* Your assignment: Pictures aside, print all of the data below exactly as written.

* Data shown:

====

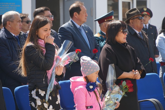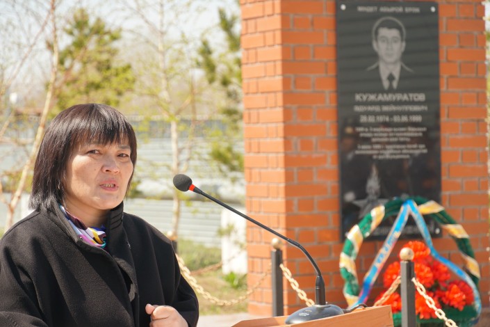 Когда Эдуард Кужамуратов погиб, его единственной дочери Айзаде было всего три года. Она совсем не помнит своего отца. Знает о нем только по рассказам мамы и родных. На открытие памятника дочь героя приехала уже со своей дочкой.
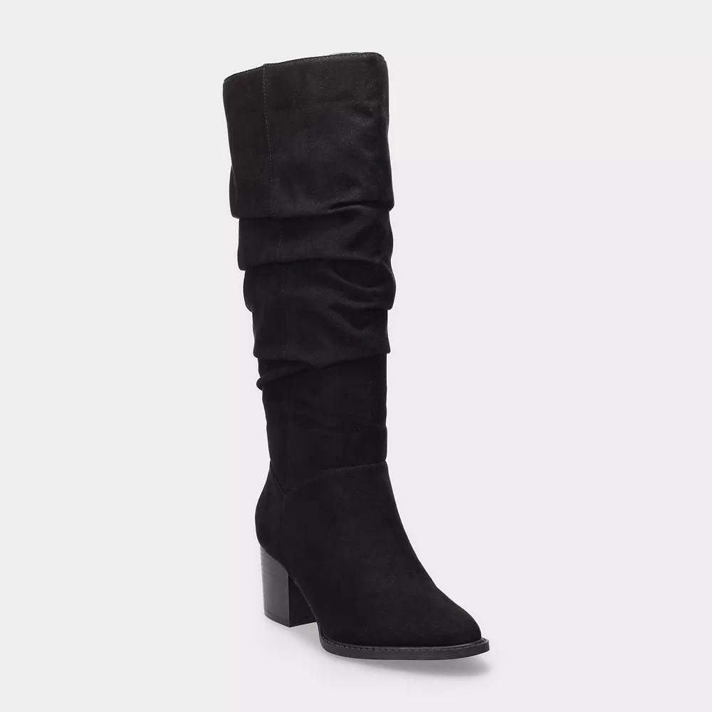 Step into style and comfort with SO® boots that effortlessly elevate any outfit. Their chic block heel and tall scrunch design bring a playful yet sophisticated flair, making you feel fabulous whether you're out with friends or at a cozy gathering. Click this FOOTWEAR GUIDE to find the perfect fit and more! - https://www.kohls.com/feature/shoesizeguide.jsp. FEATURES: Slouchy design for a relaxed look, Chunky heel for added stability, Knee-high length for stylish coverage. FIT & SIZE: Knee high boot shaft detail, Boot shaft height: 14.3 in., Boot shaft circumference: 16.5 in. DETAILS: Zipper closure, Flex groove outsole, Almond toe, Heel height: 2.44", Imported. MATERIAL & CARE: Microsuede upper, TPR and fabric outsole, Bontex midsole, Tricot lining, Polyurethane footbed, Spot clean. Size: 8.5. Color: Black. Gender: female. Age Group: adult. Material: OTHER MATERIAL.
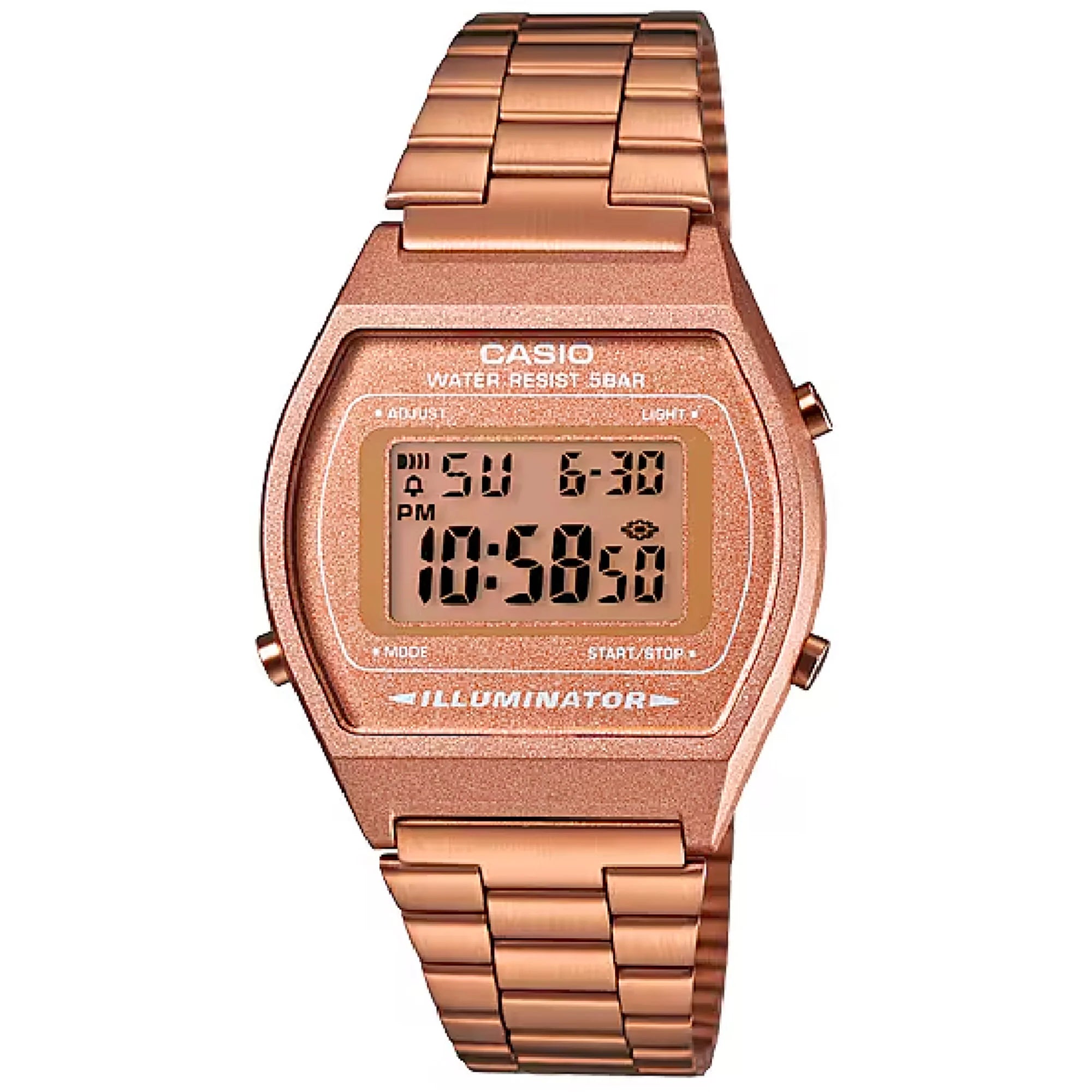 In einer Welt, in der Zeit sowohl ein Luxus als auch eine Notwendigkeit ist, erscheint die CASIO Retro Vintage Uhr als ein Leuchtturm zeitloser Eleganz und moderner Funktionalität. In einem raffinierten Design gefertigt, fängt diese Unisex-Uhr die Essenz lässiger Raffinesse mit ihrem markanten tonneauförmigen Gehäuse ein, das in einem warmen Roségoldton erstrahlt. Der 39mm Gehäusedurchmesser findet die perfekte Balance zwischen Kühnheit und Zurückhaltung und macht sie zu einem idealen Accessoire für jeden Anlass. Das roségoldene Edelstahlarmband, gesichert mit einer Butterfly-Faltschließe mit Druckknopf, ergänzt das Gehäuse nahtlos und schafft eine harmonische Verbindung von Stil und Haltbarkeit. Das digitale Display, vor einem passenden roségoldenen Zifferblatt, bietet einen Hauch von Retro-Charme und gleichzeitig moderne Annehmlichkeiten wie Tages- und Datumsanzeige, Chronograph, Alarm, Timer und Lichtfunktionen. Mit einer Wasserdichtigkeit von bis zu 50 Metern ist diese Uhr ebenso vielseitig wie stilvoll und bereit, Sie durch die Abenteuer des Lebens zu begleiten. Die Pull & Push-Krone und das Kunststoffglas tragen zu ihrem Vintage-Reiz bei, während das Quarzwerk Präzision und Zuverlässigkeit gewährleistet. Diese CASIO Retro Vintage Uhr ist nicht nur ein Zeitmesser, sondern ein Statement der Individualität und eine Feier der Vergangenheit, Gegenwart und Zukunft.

====

* Written response:
 Когда Эдуард Кужамуратов погиб, его единственной дочери Айзаде было всего три года. Она совсем не помнит своего отца. Знает о нем только по рассказам мамы и родных. На открытие памятника дочь героя приехала уже со своей дочкой.
 Step into style and comfort with SO® boots that effortlessly elevate any outfit. Their chic block heel and tall scrunch design bring a playful yet sophisticated flair, making you feel fabulous whether you're out with friends or at a cozy gathering. Click this FOOTWEAR GUIDE to find the perfect fit and more! - https://www.kohls.com/feature/shoesizeguide.jsp. FEATURES: Slouchy design for a relaxed look, Chunky heel for added stability, Knee-high length for stylish coverage. FIT & SIZE: Knee high boot shaft detail, Boot shaft height: 14.3 in., Boot shaft circumference: 16.5 in. DETAILS: Zipper closure, Flex groove outsole, Almond toe, Heel height: 2.44", Imported. MATERIAL & CARE: Microsuede upper, TPR and fabric outsole, Bontex midsole, Tricot lining, Polyurethane footbed, Spot clean. Size: 8.5. Color: Black. Gender: female. Age Group: adult. Material: OTHER MATERIAL.
 In einer Welt, in der Zeit sowohl ein Luxus als auch eine Notwendigkeit ist, erscheint die CASIO Retro Vintage Uhr als ein Leuchtturm zeitloser Eleganz und moderner Funktionalität. In einem raffinierten Design gefertigt, fängt diese Unisex-Uhr die Essenz lässiger Raffinesse mit ihrem markanten tonneauförmigen Gehäuse ein, das in einem warmen Roségoldton erstrahlt. Der 39mm Gehäusedurchmesser findet die perfekte Balance zwischen Kühnheit und Zurückhaltung und macht sie zu einem idealen Accessoire für jeden Anlass. Das roségoldene Edelstahlarmband, gesichert mit einer Butterfly-Faltschließe mit Druckknopf, ergänzt das Gehäuse nahtlos und schafft eine harmonische Verbindung von Stil und Haltbarkeit. Das digitale Display, vor einem passenden roségoldenen Zifferblatt, bietet einen Hauch von Retro-Charme und gleichzeitig moderne Annehmlichkeiten wie Tages- und Datumsanzeige, Chronograph, Alarm, Timer und Lichtfunktionen. Mit einer Wasserdichtigkeit von bis zu 50 Metern ist diese Uhr ebenso vielseitig wie stilvoll und bereit, Sie durch die Abenteuer des Lebens zu begleiten. Die Pull & Push-Krone und das Kunststoffglas tragen zu ihrem Vintage-Reiz bei, während das Quarzwerk Präzision und Zuverlässigkeit gewährleistet. Diese CASIO Retro Vintage Uhr ist nicht nur ein Zeitmesser, sondern ein Statement der Individualität und eine Feier der Vergangenheit, Gegenwart und Zukunft.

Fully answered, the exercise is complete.